● Information provided
--------

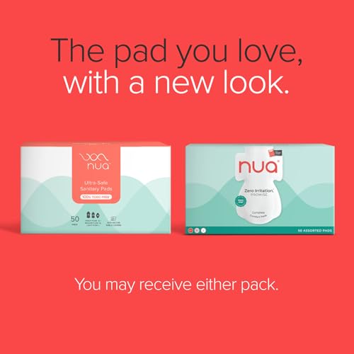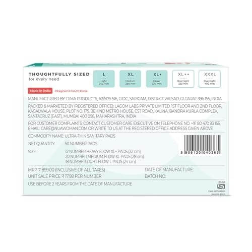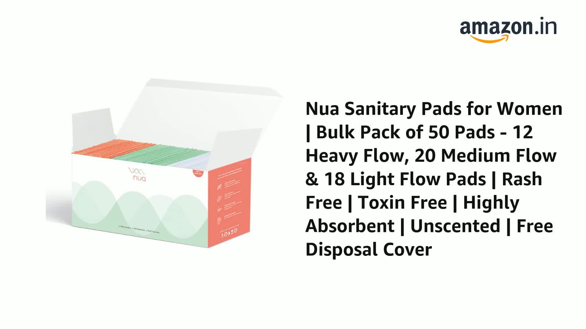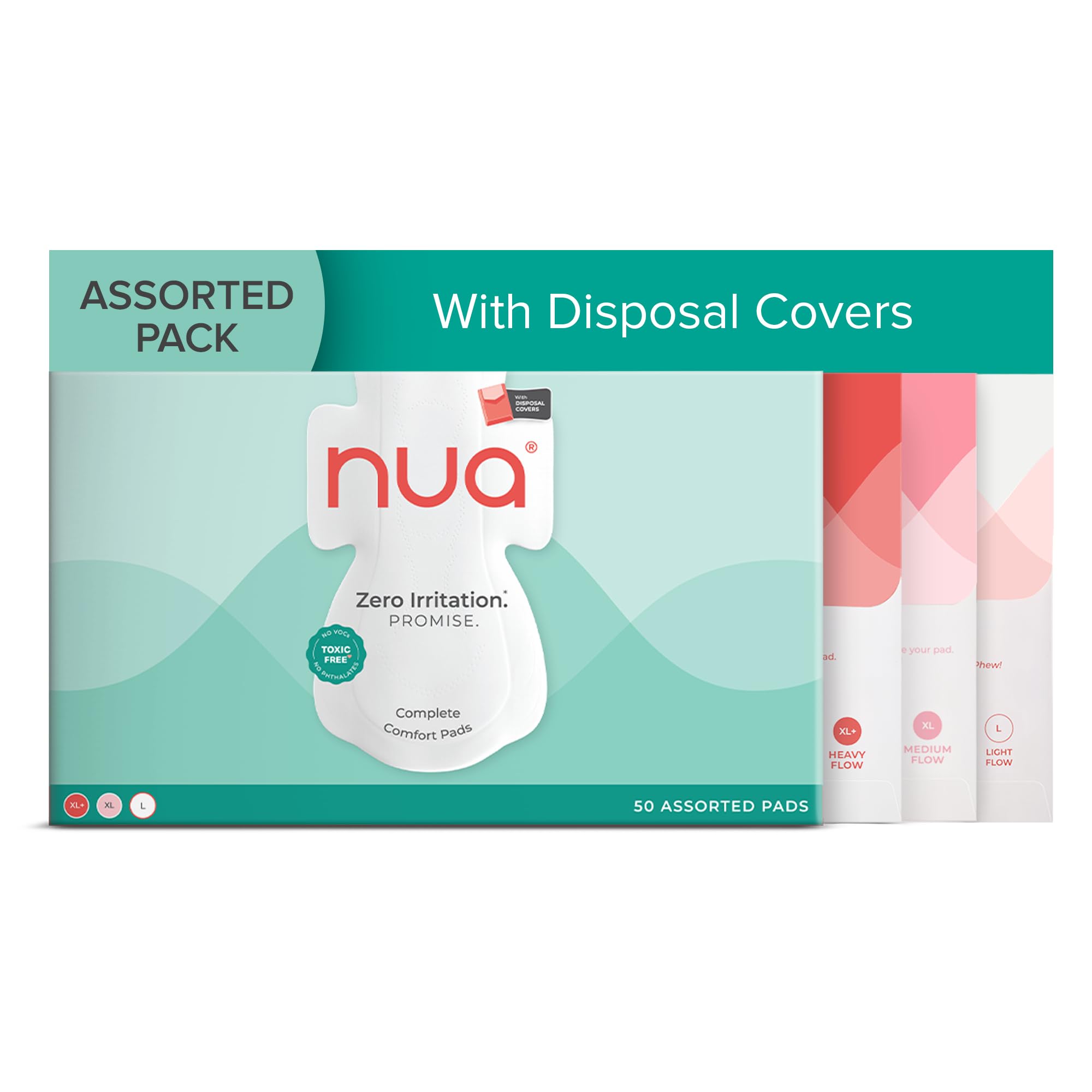 Nua Complete Comfort Sanitary Pads for Sensitive Skin | Pack of 50 Pads (12 Heavy Flow, 20 Medium Flow, 18 Light Flow) with Disposal covers | Zero Irritation | Comfortable All-Day Protection | Ultra-Thin | Super Absorbent | No rashes | 50% Wider Back | 10
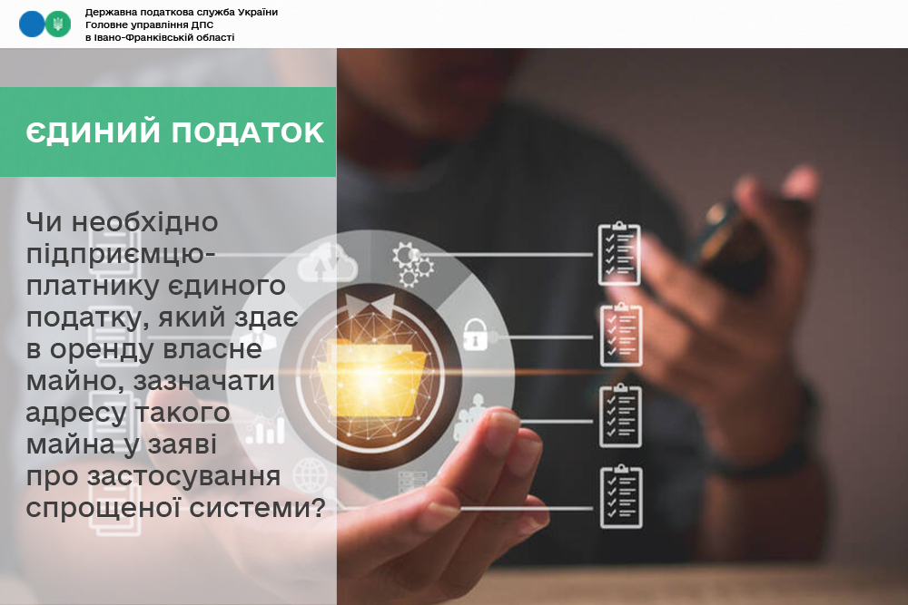 Чи необхідно підприємцю-платнику єдиного податку, який здає в оренду власне нерухоме майно, зазначати адресу такого майна у заяві про застосування спрощеної системи?
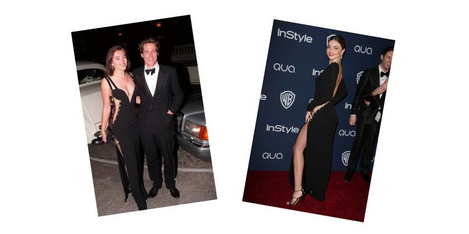 Haljinu u kojoj se glumica Elizabeth Hurley davne 1994. pojavila na premijeri filma 'Četiri vjenčanja i sprovod' ruku pod ruku s Hugh Grantom, potpisuje modna kuća Versace. Crna dugačka kreacija, čiju je prednju i stražnju stranu povezivalo tek nekoliko sigurnosnih kopči, ostala je zapamćena kao jedna od najpoznatijih kreacija kuće Versace.

--------

● Problem description
When you repeat the material, keep every word exact and drop the pictures.

● Exercise result
 Nua Complete Comfort Sanitary Pads for Sensitive Skin | Pack of 50 Pads (12 Heavy Flow, 20 Medium Flow, 18 Light Flow) with Disposal covers | Zero Irritation | Comfortable All-Day Protection | Ultra-Thin | Super Absorbent | No rashes | 50% Wider Back | 10
 Чи необхідно підприємцю-платнику єдиного податку, який здає в оренду власне нерухоме майно, зазначати адресу такого майна у заяві про застосування спрощеної системи?
 Haljinu u kojoj se glumica Elizabeth Hurley davne 1994. pojavila na premijeri filma 'Četiri vjenčanja i sprovod' ruku pod ruku s Hugh Grantom, potpisuje modna kuća Versace. Crna dugačka kreacija, čiju je prednju i stražnju stranu povezivalo tek nekoliko sigurnosnih kopči, ostala je zapamćena kao jedna od najpoznatijih kreacija kuće Versace.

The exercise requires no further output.